+++ RECORDS SHOWN +++
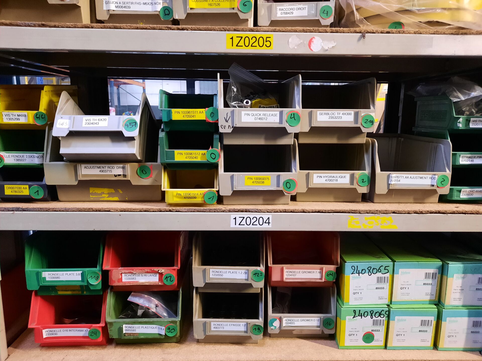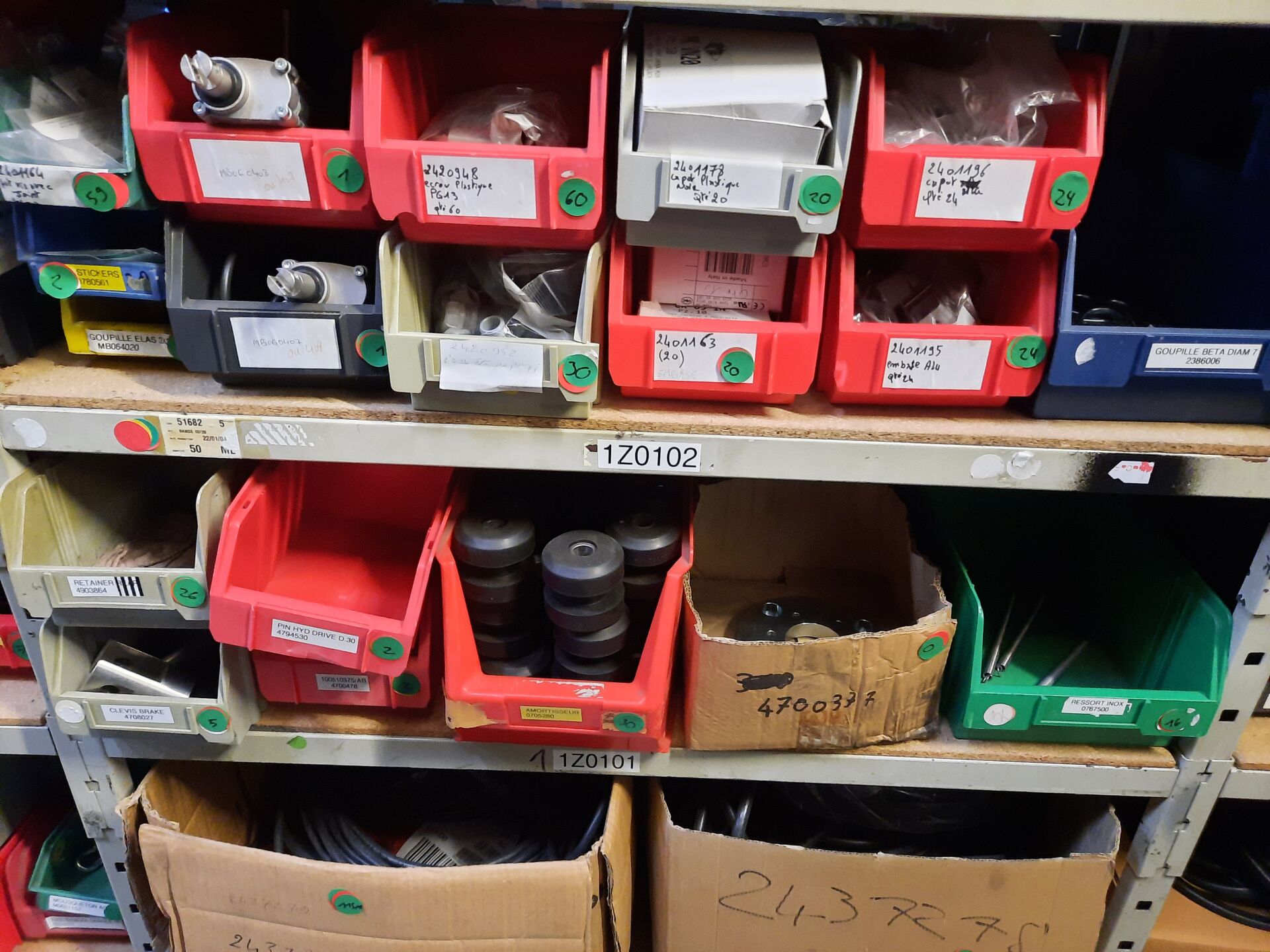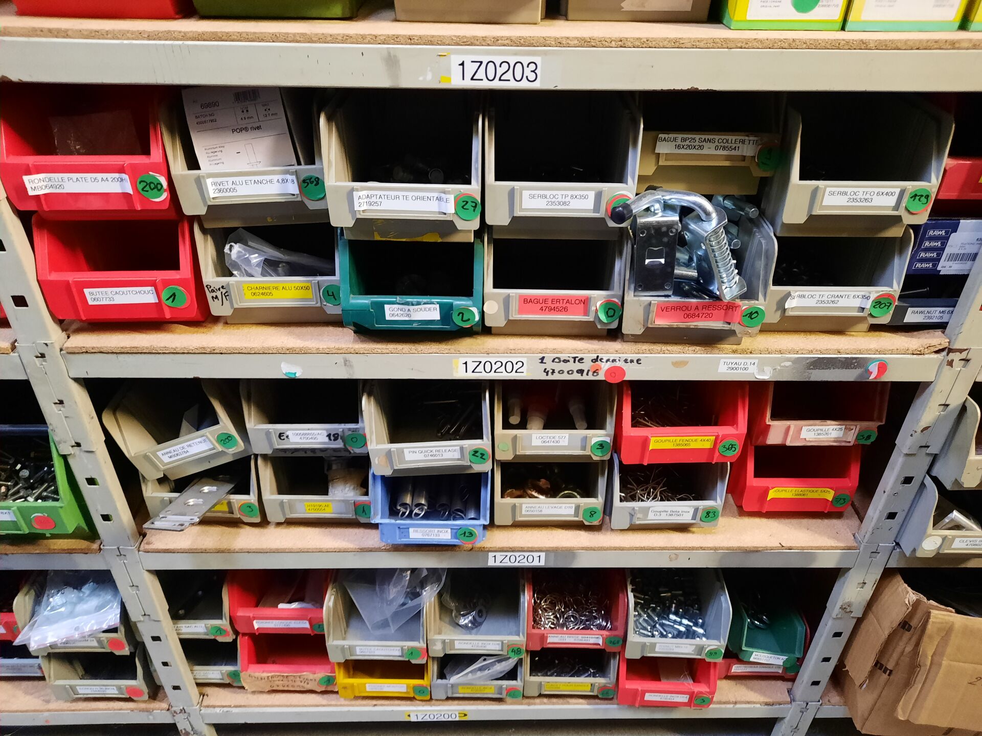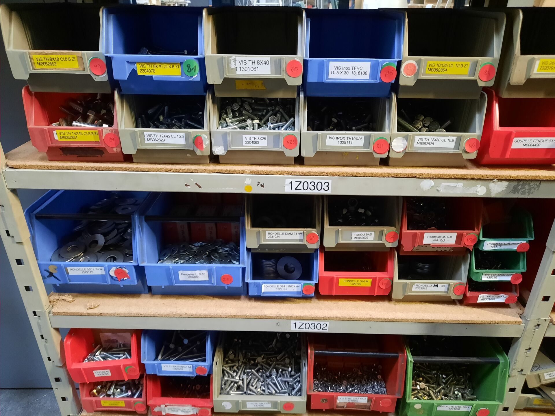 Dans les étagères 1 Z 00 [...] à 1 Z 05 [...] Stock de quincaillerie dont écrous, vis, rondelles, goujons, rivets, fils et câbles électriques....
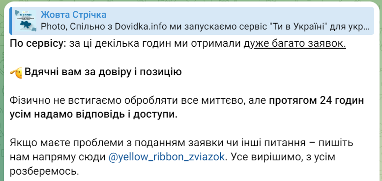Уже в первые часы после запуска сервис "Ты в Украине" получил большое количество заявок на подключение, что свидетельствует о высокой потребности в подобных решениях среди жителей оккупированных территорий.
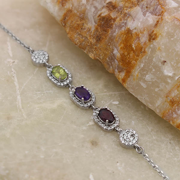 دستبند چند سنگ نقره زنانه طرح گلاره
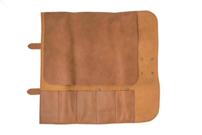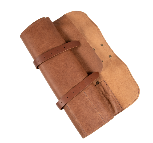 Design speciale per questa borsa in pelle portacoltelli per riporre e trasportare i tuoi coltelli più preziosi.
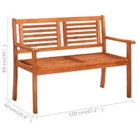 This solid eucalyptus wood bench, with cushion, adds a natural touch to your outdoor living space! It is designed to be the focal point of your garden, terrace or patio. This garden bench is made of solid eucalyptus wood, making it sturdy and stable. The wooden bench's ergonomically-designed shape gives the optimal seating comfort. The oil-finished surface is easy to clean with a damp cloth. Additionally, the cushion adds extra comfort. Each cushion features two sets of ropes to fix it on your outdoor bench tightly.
+++
● REQUIRED ACTION
In the listing above, find the line with "Уже в первые" and the line with "Design speciale per". Copy both of them and every line between, exactly, but not the pictures.

● TASK ANSWER
Уже в первые часы после запуска сервис "Ты в Украине" получил большое количество заявок на подключение, что свидетельствует о высокой потребности в подобных решениях среди жителей оккупированных территорий.
 دستبند چند سنگ نقره زنانه طرح گلاره
 Design speciale per questa borsa in pelle portacoltelli per riporre e trasportare i tuoi coltelli più preziosi.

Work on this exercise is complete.